Ninety-seven percent of grants were for developing new technologies, which could reduce child mortality by 22%. This reduction is one third of what could be achieved if existing technologies were fully utilized.
There is a serious discrepancy between current research and the research needed to save children’s lives. In addition to increased research on the efficacy of treatment, there is an even greater need for increased research on delivery and use of technology.

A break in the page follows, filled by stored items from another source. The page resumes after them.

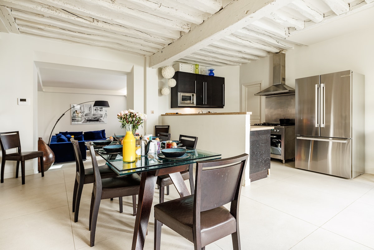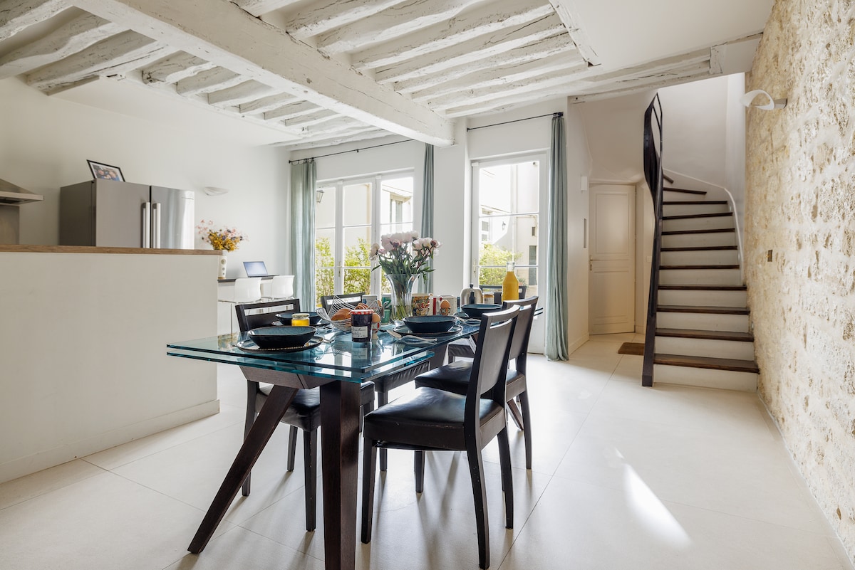 Prestigious 17th century house of 280 m2 and 70 m2 of terraces and outdoor spaces, organized on 3 floors and a finished basement. Located a 2-minute walk from the Esplanade des Invalides with stunning views of the Eiffel Tower from the terrace and bedrooms. A unique place of great standing, in the middle of Paris that will offer you a memorable stay. Nestled on a quiet street, with an inner courtyard, this timelessly elegant house is an exceptional place, away from prying eyes. The space 4 bedrooms, 3 bathrooms, 3 toilets, ideal accommodation for 6 people With 4 bedrooms and a location in the heart of the prestigious Rive Gauche district of Paris, this property is ideal for a stay with friends and family. The iconic places of Paris are all close to you. This 17th century building combines modern architecture with old world charm: stone walls, tiles and exposed beams. Its 4 floors, numerous storage spaces and large spaces offer you high-quality services. From the 25 m2 terrace on the 4th floor, you will have the Eiffel Tower in your sights. Don't miss the Iron Lady's twinkle every night. Paris, seems straight out of a fairy tale. Magical and enchanting! Interior spaces The 45 m2 living room offers a spacious and comfortable living space: piano, large sofas, works of art and direct access to the 25 m2 private and flowered courtyard The fully equipped kitchen is open to a 33 m2 dining room, family and warm. Alexandra, the lady of the house, will welcome you every morning with a delicious continental breakfast and adapt it according to your wishes. The dining/kitchen area is in direct access with the floors and overlooks a second inner courtyard in which you can store bicycles and strollers. In winter you will enjoy the comfort and cocooning of the place thanks to its underfloor heating. In summer, the stone walls of this building preserve the freshness of the place. On both floors are 4 bedrooms and 3 spacious bathrooms as well as plenty of storage The basement consists of two rooms: a 25 m2 vaulted cellar with stone walls and a fully renovated 60 m2 relaxation area: foosball, ping pong table, gym, home cinema and board games. Guest access you will have the entire house to yourself Registration Details 7510709329314
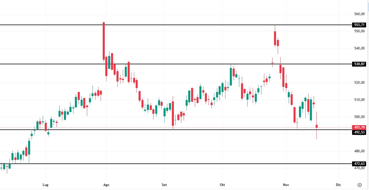 Si potrebbero dunque valutare strategie long dai vicini supporti in area 492 dollari o più in basso in zona 470-472 dollari. Eventuali posizioni in acquisto avrebbero come primo obiettivo area 530 dollari e un secondo target sui massimi in area 553 dollari.
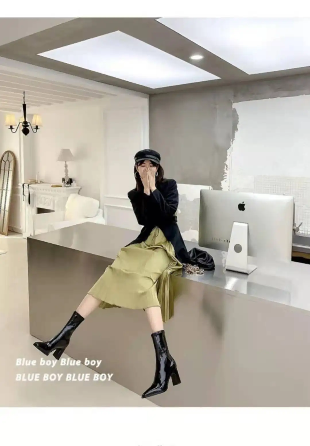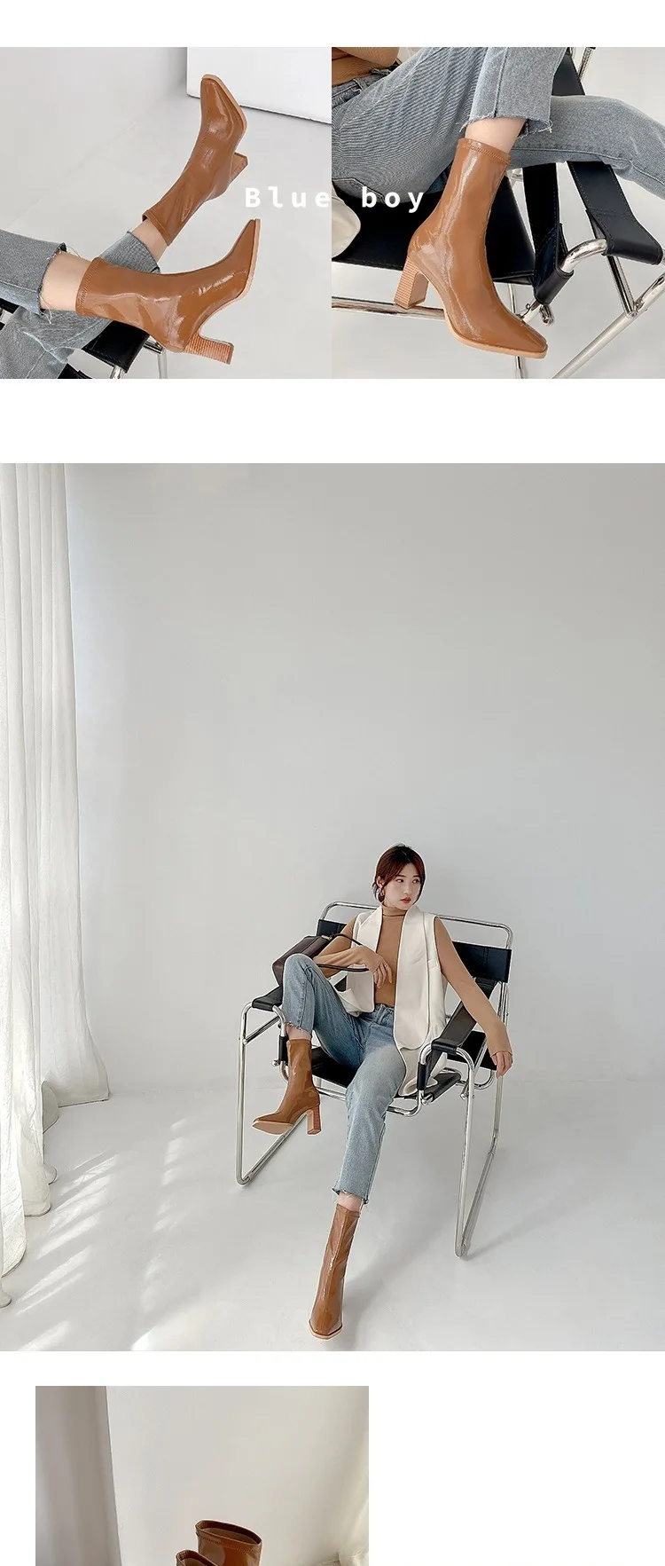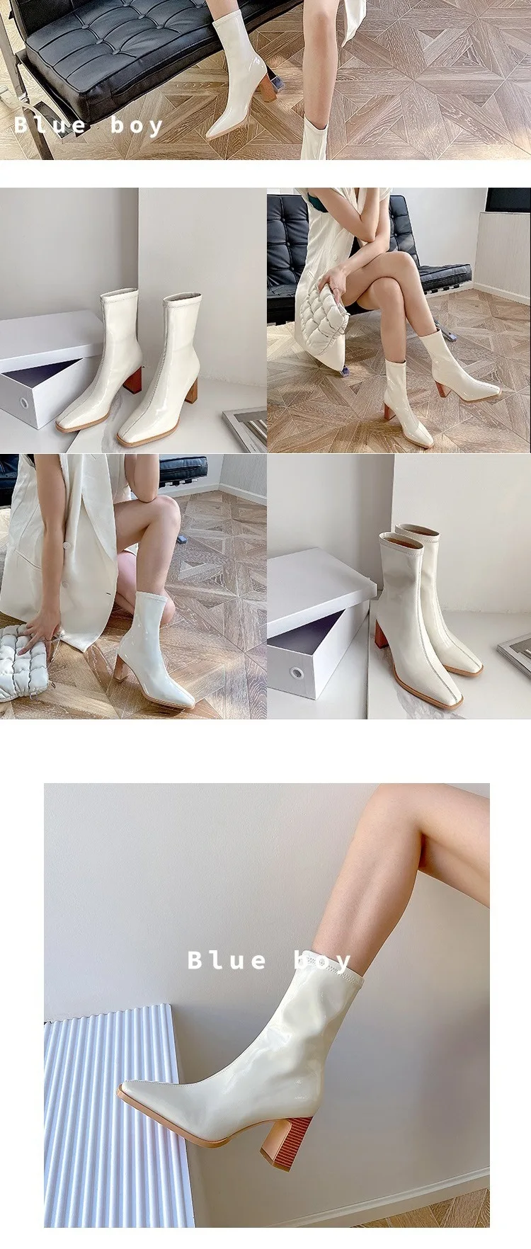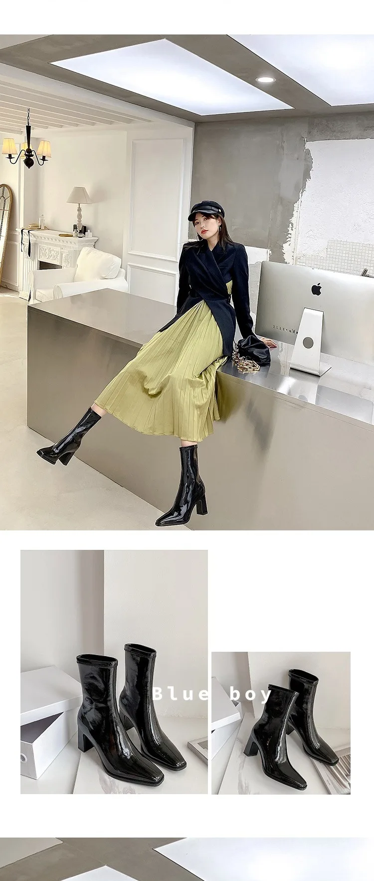 2021 autumn and winter new European and American medium boots high heels square head cover feet soft fashion boots wholesale
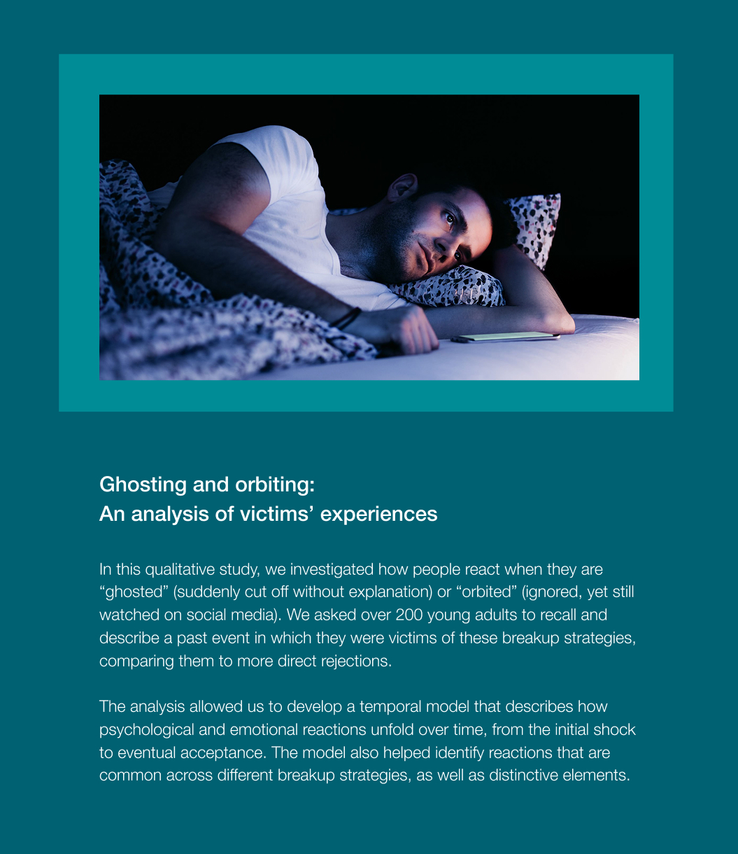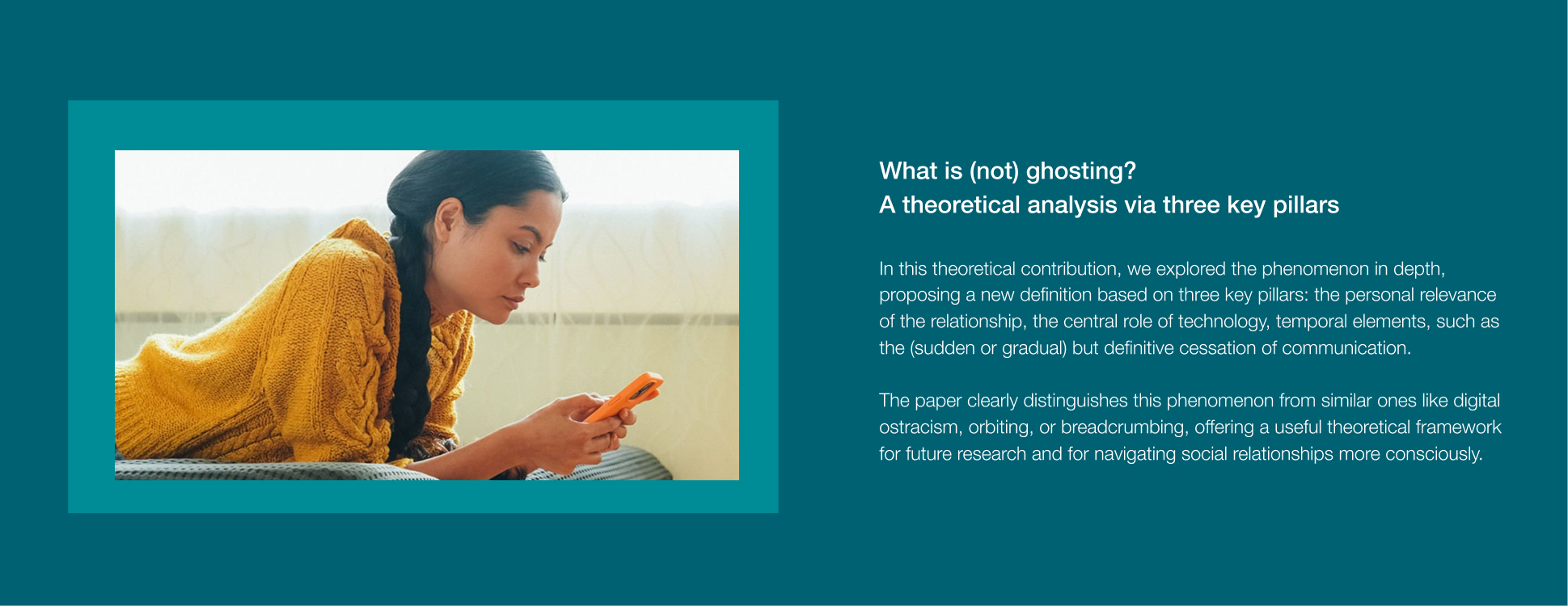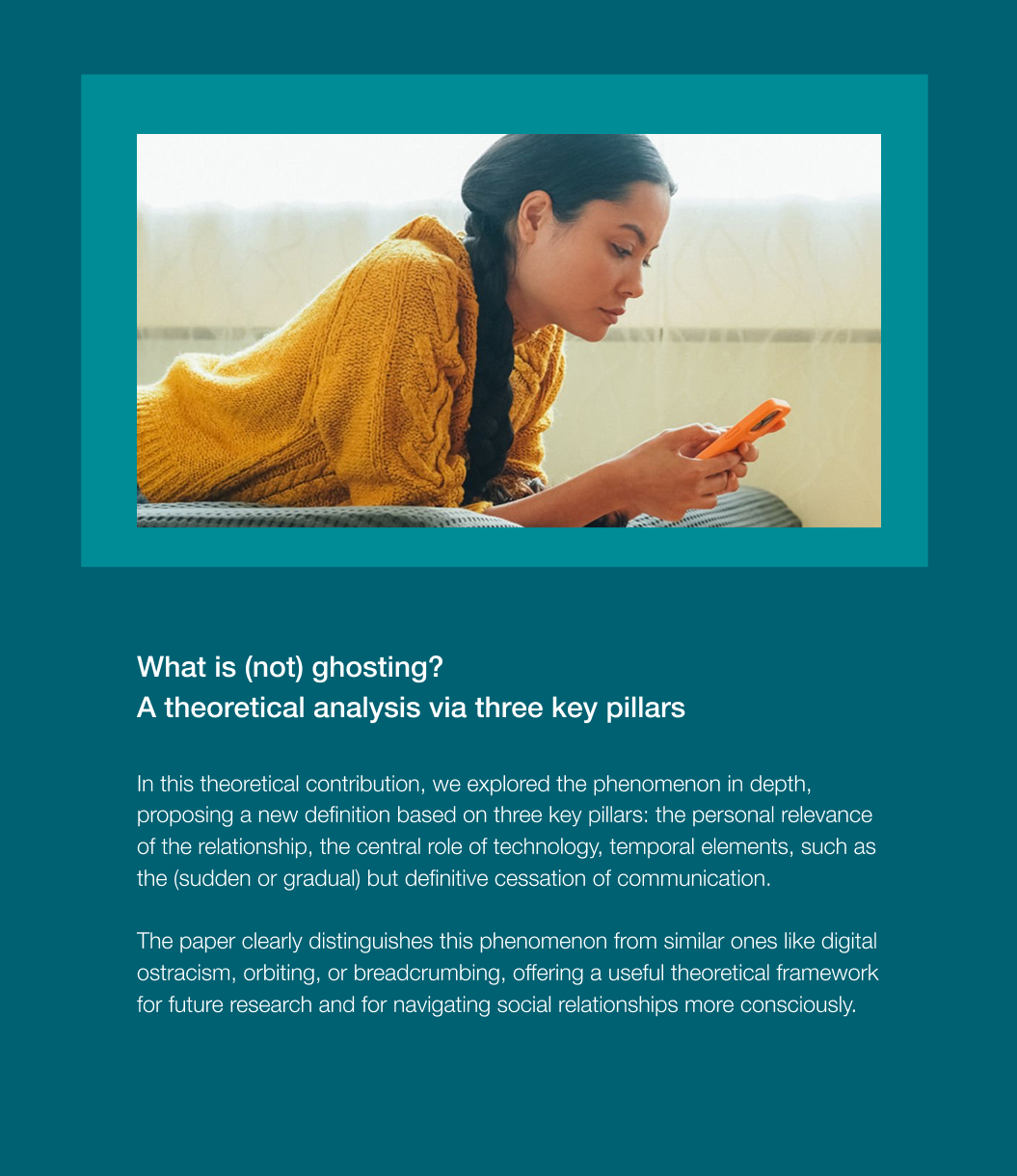 We are particularly committed to investigating online interactions through social media, deepening our understanding of well-known phenomena such as phubbing and ghosting through innovative methods, and exploring emerging forms of interaction involving virtual reality and artificial intelligence technologies.

AN INVESTIGATION undertaken in 2003 for the Bellagio Conference on Child Survival showed that the vast majority of deaths of children younger than 5 years, about 10 million per year, occurred in 42 low-income countries.1 The Bellagio Conference concluded that about two thirds of these could be prevented by interventions currently available and feasible for implementation in these countries.1 Other articles from the conference indicated that the systems for delivering these technologies are seriously deficient2 and that their utilization is inadequate, especially among the poor.3
Before the Bellagio Conference, the international Commission on Health Research for Development drew attention to the imbalance in research addressing ill health in developing countries compared with research on health issues of populations in wealthy, industrialized countries.4 The critical finding from the commission report was that 90% of all research funding for health was devoted to the health problems of industrialized countries, whereas only 10% was for research on the health issues of low-income countries. This issue has received considerable public attention, and the imbalance is now widely referred to as the “10/90 gap.”5
The findings from the Bellagio Conference and global disparities in the allocation of research resources for health issues of populations in developing countries raise other questions about current research priorities: how much research is being directed toward breaking the bottlenecks in delivery and utilization that prevent existing technology from reducing child mortality? If, as we suspect, little such research is performed, how great a reduction in mortality can be expected from new health technologies in the future, given present conditions of utilization and delivery?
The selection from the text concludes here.